(Extracted data entries)
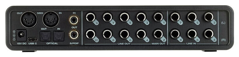 • Цифровой ввод / вывод: 1 банк (8 каналов) оптического ADAT с частотой дискретизации 1x 1 банк (4 канала) оптического кабеля SMUX с частотой дискретизации 2x Возможность переключения на стерео TOSLink (оптический S / PDIF) 1 стереофонический S / PDIF на RCA (до 96 кГц).
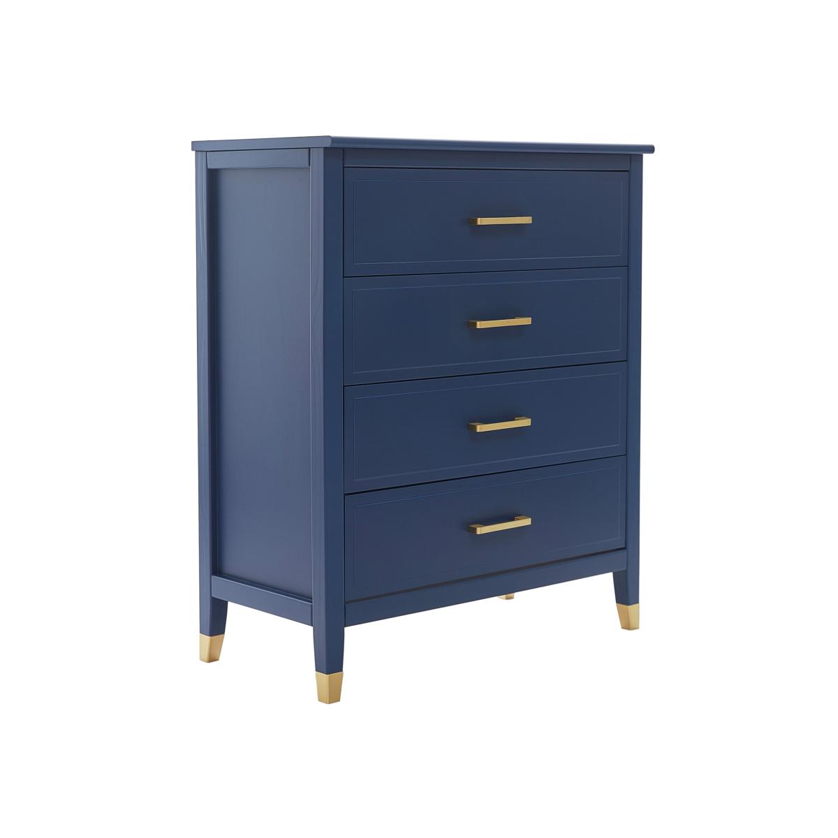 I love this navy chest of drawers for its sleek, contemporary look that adds a touch of sophistication to any space. The rich navy finish is versatile enough to work in both modern and transitional interiors, pairing beautifully with neutral tones or bold colour accents. Practical styling tips include using the top surface for decorative items like trays or lamps, while the drawers are perfect for organising clothing or accessories in bedrooms or dressing areas. Its compact size makes it ideal for smaller rooms, and the gold handles add a subtle luxe detail that elevates its overall appeal. This piece works well in bedrooms, hallways, or even living rooms where a functional yet stylish storage solution is needed.
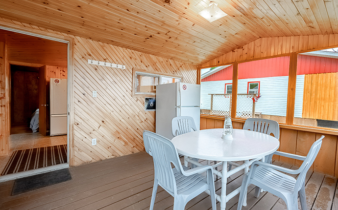 - Cedar deck with picnic table and Weber gas grill
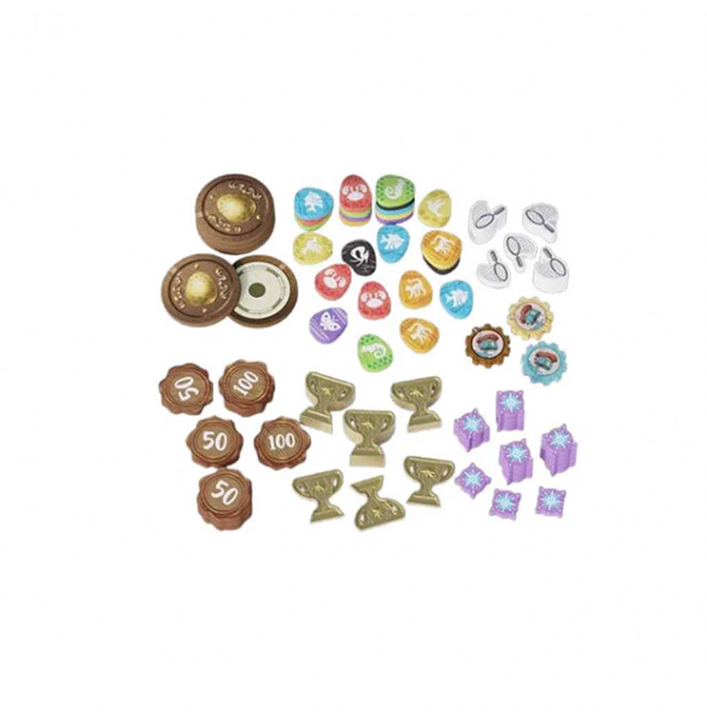 Un kit qui remplace les oeufs, les jetons énergie, les filets à papillon, les jetons de score 50/100, les jetons solo, les jetons de pose d’oeufs par des jetons en bois et les trophées par des éléments en métal !
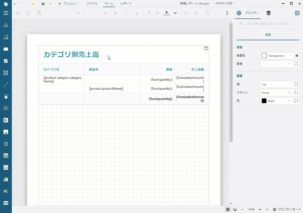 テーブルでは、最初の列に商品カテゴリ名、2番目の列に商品名、3番目の列に数量、4番目の列に売上金額を表示します。この情報に基づいて、列のプロパティを設定します。
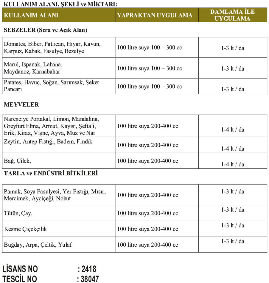 İçeriğindeki 3 farklı azot Amonyum(NH4), Nitrat(NO3) ve Amin(NH2) formlarında azotlar bulunmaktadır.
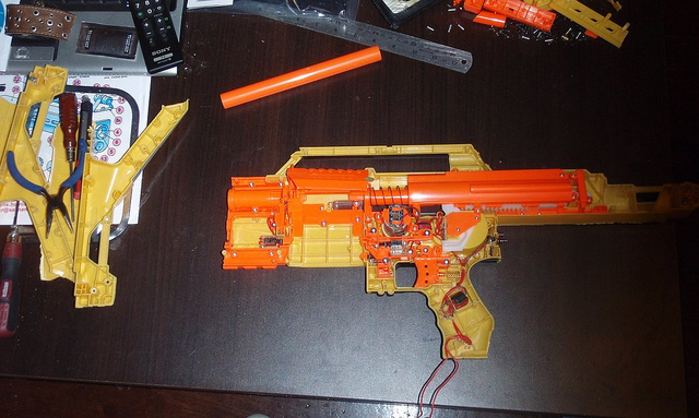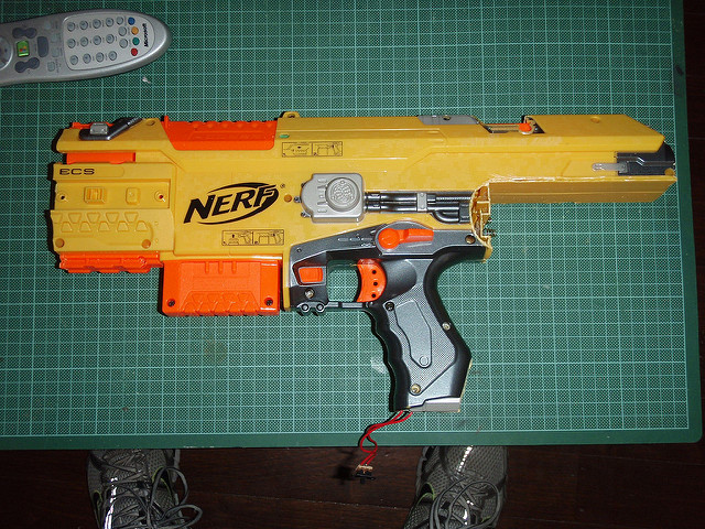 what ever you do, don't use a lypo with plastic. those batteries have been kown to melt full metal airsoft internals, and nerf internals are no exeption.
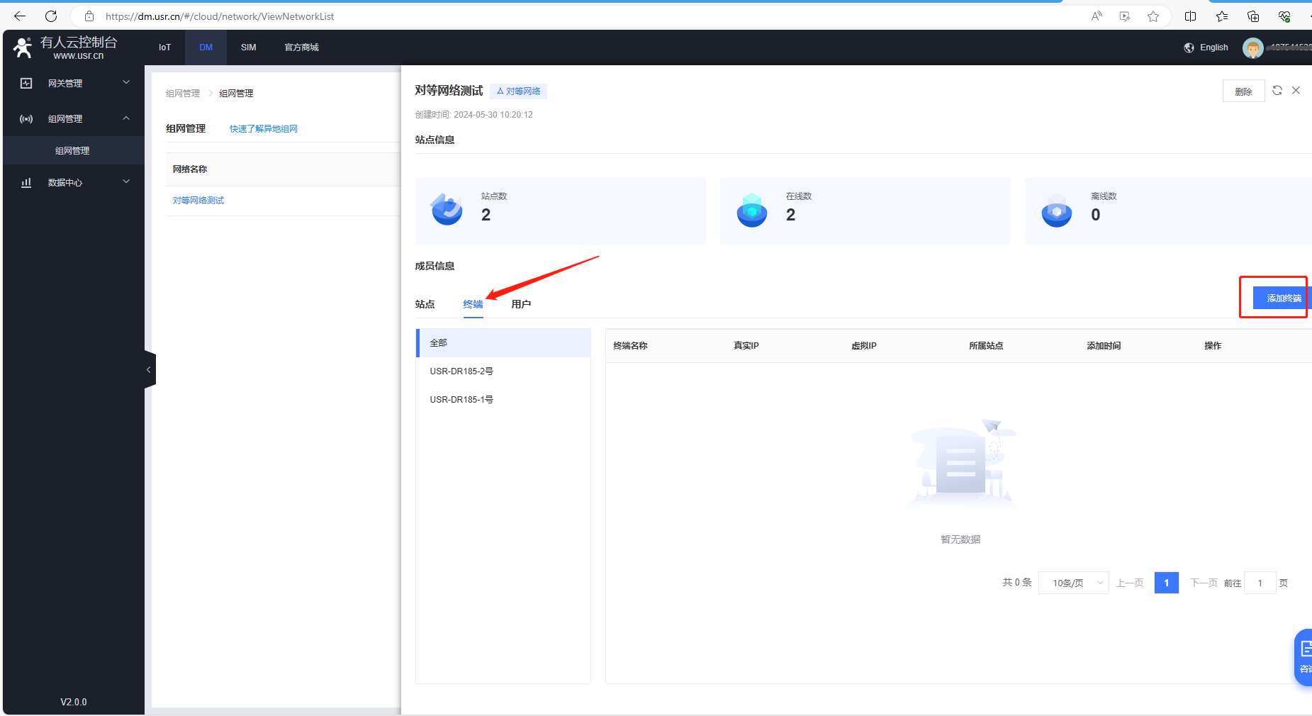 (1)對等網(wǎng)絡(luò)測試頁面,點(diǎn)擊終端,點(diǎn)擊添加終端。
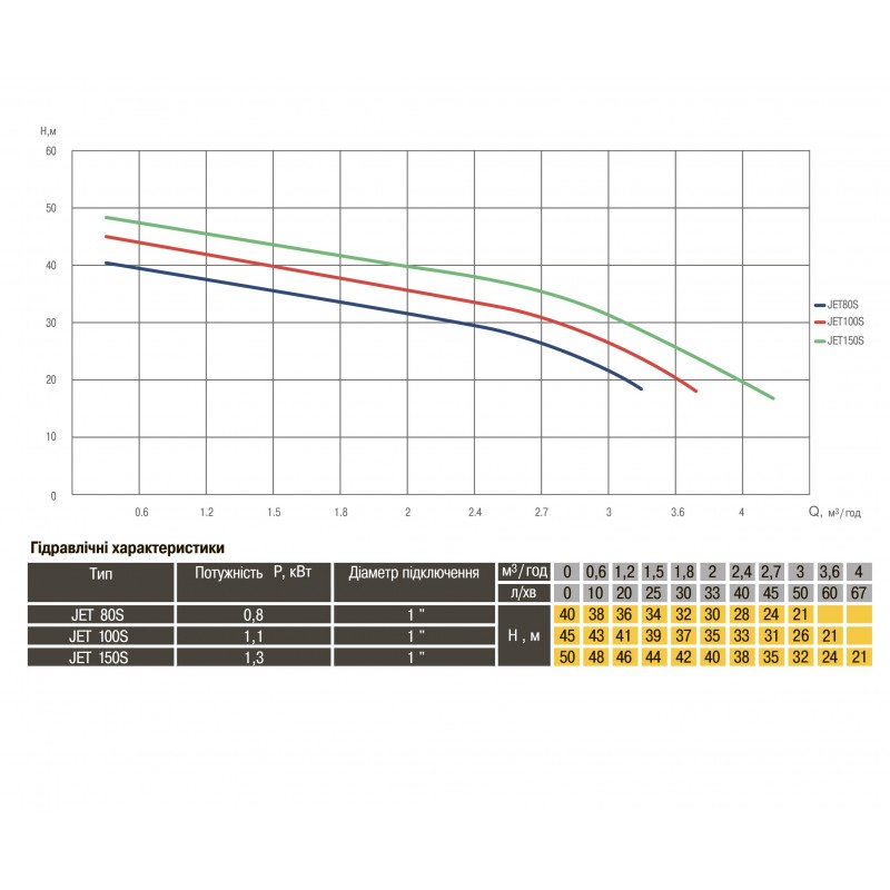 Технічні характеристики: • номінальна потужність двигуна - 0,8 кВт • необхідна напруга - 220В ± 5%, 50Гц • максимальна глибина всмоктування -9 м • максимальна висота напору - 40 м • максимальна продуктивність - 3 м3 / год (50 л / хв) • максимальна температура води - 40 * С • діаметр підключення - 1 ″ • вага в упаковці - 10 кг • вага насоса - 9.18 кг • габарити в упаковці (ВхШхГ) - 40х25х22 см

▸ WHAT YOU ARE ASKED TO DO: Nothing but the lines from the one with "テーブルでは、最初の列に商品" to the one with "İçeriğindeki 3 farklı" above, both included, should be transcribed, exactly and without pictures.

▸ TASK SOLUTION:
 テーブルでは、最初の列に商品カテゴリ名、2番目の列に商品名、3番目の列に数量、4番目の列に売上金額を表示します。この情報に基づいて、列のプロパティを設定します。
 İçeriğindeki 3 farklı azot Amonyum(NH4), Nitrat(NO3) ve Amin(NH2) formlarında azotlar bulunmaktadır.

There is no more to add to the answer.